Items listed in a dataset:
════════════════
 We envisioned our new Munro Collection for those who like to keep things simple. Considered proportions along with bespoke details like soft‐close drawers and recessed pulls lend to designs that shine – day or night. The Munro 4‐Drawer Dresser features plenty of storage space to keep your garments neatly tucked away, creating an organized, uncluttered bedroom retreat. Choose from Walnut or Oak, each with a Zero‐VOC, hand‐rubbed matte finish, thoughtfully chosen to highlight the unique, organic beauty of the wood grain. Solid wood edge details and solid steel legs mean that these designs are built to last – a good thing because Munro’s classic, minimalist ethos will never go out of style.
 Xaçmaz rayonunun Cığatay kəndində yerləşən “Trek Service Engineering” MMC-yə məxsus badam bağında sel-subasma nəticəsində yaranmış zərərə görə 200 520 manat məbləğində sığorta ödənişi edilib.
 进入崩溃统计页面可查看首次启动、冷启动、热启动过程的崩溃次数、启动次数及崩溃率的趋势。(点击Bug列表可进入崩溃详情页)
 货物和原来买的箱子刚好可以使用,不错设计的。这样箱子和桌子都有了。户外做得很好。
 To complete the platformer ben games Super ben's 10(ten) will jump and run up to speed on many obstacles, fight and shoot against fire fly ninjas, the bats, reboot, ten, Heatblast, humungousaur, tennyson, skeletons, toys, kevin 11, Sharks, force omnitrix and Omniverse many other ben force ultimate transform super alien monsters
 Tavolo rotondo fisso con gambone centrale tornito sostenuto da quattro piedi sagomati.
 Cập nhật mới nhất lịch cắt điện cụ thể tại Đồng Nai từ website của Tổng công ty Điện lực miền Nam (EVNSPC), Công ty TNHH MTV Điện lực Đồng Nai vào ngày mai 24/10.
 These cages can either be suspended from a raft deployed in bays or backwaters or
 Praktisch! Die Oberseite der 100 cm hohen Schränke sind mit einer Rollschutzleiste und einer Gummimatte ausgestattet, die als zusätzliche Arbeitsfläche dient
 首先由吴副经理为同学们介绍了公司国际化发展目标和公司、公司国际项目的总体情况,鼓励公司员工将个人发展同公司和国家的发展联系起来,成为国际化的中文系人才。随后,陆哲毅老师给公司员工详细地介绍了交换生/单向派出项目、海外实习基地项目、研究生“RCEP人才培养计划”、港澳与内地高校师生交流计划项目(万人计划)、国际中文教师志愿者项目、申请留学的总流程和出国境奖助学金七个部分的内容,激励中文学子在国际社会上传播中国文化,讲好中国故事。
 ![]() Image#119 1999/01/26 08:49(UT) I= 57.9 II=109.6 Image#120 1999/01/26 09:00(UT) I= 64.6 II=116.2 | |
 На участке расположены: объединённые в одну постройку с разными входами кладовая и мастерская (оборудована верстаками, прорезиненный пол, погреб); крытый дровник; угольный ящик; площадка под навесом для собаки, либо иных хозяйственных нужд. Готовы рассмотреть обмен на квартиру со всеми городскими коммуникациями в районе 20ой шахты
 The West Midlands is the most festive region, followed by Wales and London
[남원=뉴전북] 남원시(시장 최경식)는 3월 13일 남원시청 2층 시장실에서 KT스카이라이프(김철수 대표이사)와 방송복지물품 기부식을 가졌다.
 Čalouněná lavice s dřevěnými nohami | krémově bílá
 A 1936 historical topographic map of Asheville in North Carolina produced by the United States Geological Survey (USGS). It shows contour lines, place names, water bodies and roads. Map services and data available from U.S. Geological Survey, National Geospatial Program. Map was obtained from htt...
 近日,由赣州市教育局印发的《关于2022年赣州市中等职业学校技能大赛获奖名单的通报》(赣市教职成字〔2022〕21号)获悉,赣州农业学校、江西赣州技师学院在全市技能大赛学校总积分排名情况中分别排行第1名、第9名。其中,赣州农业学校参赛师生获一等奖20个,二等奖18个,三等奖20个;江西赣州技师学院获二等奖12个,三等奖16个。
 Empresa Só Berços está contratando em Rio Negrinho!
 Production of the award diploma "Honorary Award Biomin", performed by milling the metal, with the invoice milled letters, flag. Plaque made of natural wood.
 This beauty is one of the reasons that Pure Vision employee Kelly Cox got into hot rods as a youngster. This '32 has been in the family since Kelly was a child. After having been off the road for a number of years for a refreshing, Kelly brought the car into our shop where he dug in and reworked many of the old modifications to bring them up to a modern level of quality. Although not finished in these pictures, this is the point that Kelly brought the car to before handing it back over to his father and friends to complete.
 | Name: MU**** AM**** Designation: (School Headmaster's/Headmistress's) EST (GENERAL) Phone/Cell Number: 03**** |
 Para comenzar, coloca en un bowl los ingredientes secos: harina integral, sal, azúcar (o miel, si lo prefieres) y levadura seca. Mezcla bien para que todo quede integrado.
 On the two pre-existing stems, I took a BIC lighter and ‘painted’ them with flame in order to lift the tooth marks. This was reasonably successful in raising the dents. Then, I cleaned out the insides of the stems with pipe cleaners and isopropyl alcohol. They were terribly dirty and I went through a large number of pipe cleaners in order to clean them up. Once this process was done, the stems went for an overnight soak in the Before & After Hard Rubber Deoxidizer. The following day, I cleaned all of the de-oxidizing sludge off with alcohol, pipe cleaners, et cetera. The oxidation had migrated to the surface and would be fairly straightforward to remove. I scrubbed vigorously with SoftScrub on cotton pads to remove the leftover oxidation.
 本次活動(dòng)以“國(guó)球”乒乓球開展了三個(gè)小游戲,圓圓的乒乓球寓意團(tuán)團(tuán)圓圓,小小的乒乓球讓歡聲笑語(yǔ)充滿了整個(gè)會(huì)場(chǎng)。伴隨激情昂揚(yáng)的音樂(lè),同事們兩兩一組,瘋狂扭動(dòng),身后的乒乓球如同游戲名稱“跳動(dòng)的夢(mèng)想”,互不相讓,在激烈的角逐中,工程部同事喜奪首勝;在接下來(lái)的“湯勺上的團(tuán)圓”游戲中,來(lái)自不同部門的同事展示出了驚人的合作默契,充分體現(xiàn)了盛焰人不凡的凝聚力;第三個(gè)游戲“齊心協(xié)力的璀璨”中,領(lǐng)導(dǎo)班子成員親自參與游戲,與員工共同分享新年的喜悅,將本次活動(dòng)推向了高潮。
════════════════
- [BRIEF]
A verbatim transcription of all the entries above is required.

- [EXPECTED OUTPUT]
 We envisioned our new Munro Collection for those who like to keep things simple. Considered proportions along with bespoke details like soft‐close drawers and recessed pulls lend to designs that shine – day or night. The Munro 4‐Drawer Dresser features plenty of storage space to keep your garments neatly tucked away, creating an organized, uncluttered bedroom retreat. Choose from Walnut or Oak, each with a Zero‐VOC, hand‐rubbed matte finish, thoughtfully chosen to highlight the unique, organic beauty of the wood grain. Solid wood edge details and solid steel legs mean that these designs are built to last – a good thing because Munro’s classic, minimalist ethos will never go out of style.
 Xaçmaz rayonunun Cığatay kəndində yerləşən “Trek Service Engineering” MMC-yə məxsus badam bağında sel-subasma nəticəsində yaranmış zərərə görə 200 520 manat məbləğində sığorta ödənişi edilib.
 进入崩溃统计页面可查看首次启动、冷启动、热启动过程的崩溃次数、启动次数及崩溃率的趋势。(点击Bug列表可进入崩溃详情页)
 货物和原来买的箱子刚好可以使用,不错设计的。这样箱子和桌子都有了。户外做得很好。
 To complete the platformer ben games Super ben's 10(ten) will jump and run up to speed on many obstacles, fight and shoot against fire fly ninjas, the bats, reboot, ten, Heatblast, humungousaur, tennyson, skeletons, toys, kevin 11, Sharks, force omnitrix and Omniverse many other ben force ultimate transform super alien monsters
 Tavolo rotondo fisso con gambone centrale tornito sostenuto da quattro piedi sagomati.
 Cập nhật mới nhất lịch cắt điện cụ thể tại Đồng Nai từ website của Tổng công ty Điện lực miền Nam (EVNSPC), Công ty TNHH MTV Điện lực Đồng Nai vào ngày mai 24/10.
 These cages can either be suspended from a raft deployed in bays or backwaters or
 Praktisch! Die Oberseite der 100 cm hohen Schränke sind mit einer Rollschutzleiste und einer Gummimatte ausgestattet, die als zusätzliche Arbeitsfläche dient
 首先由吴副经理为同学们介绍了公司国际化发展目标和公司、公司国际项目的总体情况,鼓励公司员工将个人发展同公司和国家的发展联系起来,成为国际化的中文系人才。随后,陆哲毅老师给公司员工详细地介绍了交换生/单向派出项目、海外实习基地项目、研究生“RCEP人才培养计划”、港澳与内地高校师生交流计划项目(万人计划)、国际中文教师志愿者项目、申请留学的总流程和出国境奖助学金七个部分的内容,激励中文学子在国际社会上传播中国文化,讲好中国故事。
 ![]() Image#119 1999/01/26 08:49(UT) I= 57.9 II=109.6 Image#120 1999/01/26 09:00(UT) I= 64.6 II=116.2 | |
 На участке расположены: объединённые в одну постройку с разными входами кладовая и мастерская (оборудована верстаками, прорезиненный пол, погреб); крытый дровник; угольный ящик; площадка под навесом для собаки, либо иных хозяйственных нужд. Готовы рассмотреть обмен на квартиру со всеми городскими коммуникациями в районе 20ой шахты
 The West Midlands is the most festive region, followed by Wales and London
[남원=뉴전북] 남원시(시장 최경식)는 3월 13일 남원시청 2층 시장실에서 KT스카이라이프(김철수 대표이사)와 방송복지물품 기부식을 가졌다.
 Čalouněná lavice s dřevěnými nohami | krémově bílá
 A 1936 historical topographic map of Asheville in North Carolina produced by the United States Geological Survey (USGS). It shows contour lines, place names, water bodies and roads. Map services and data available from U.S. Geological Survey, National Geospatial Program. Map was obtained from htt...
 近日,由赣州市教育局印发的《关于2022年赣州市中等职业学校技能大赛获奖名单的通报》(赣市教职成字〔2022〕21号)获悉,赣州农业学校、江西赣州技师学院在全市技能大赛学校总积分排名情况中分别排行第1名、第9名。其中,赣州农业学校参赛师生获一等奖20个,二等奖18个,三等奖20个;江西赣州技师学院获二等奖12个,三等奖16个。
 Empresa Só Berços está contratando em Rio Negrinho!
 Production of the award diploma "Honorary Award Biomin", performed by milling the metal, with the invoice milled letters, flag. Plaque made of natural wood.
 This beauty is one of the reasons that Pure Vision employee Kelly Cox got into hot rods as a youngster. This '32 has been in the family since Kelly was a child. After having been off the road for a number of years for a refreshing, Kelly brought the car into our shop where he dug in and reworked many of the old modifications to bring them up to a modern level of quality. Although not finished in these pictures, this is the point that Kelly brought the car to before handing it back over to his father and friends to complete.
 | Name: MU**** AM**** Designation: (School Headmaster's/Headmistress's) EST (GENERAL) Phone/Cell Number: 03**** |
 Para comenzar, coloca en un bowl los ingredientes secos: harina integral, sal, azúcar (o miel, si lo prefieres) y levadura seca. Mezcla bien para que todo quede integrado.
 On the two pre-existing stems, I took a BIC lighter and ‘painted’ them with flame in order to lift the tooth marks. This was reasonably successful in raising the dents. Then, I cleaned out the insides of the stems with pipe cleaners and isopropyl alcohol. They were terribly dirty and I went through a large number of pipe cleaners in order to clean them up. Once this process was done, the stems went for an overnight soak in the Before & After Hard Rubber Deoxidizer. The following day, I cleaned all of the de-oxidizing sludge off with alcohol, pipe cleaners, et cetera. The oxidation had migrated to the surface and would be fairly straightforward to remove. I scrubbed vigorously with SoftScrub on cotton pads to remove the leftover oxidation.
 本次活動(dòng)以“國(guó)球”乒乓球開展了三個(gè)小游戲,圓圓的乒乓球寓意團(tuán)團(tuán)圓圓,小小的乒乓球讓歡聲笑語(yǔ)充滿了整個(gè)會(huì)場(chǎng)。伴隨激情昂揚(yáng)的音樂(lè),同事們兩兩一組,瘋狂扭動(dòng),身后的乒乓球如同游戲名稱“跳動(dòng)的夢(mèng)想”,互不相讓,在激烈的角逐中,工程部同事喜奪首勝;在接下來(lái)的“湯勺上的團(tuán)圓”游戲中,來(lái)自不同部門的同事展示出了驚人的合作默契,充分體現(xiàn)了盛焰人不凡的凝聚力;第三個(gè)游戲“齊心協(xié)力的璀璨”中,領(lǐng)導(dǎo)班子成員親自參與游戲,與員工共同分享新年的喜悅,將本次活動(dòng)推向了高潮。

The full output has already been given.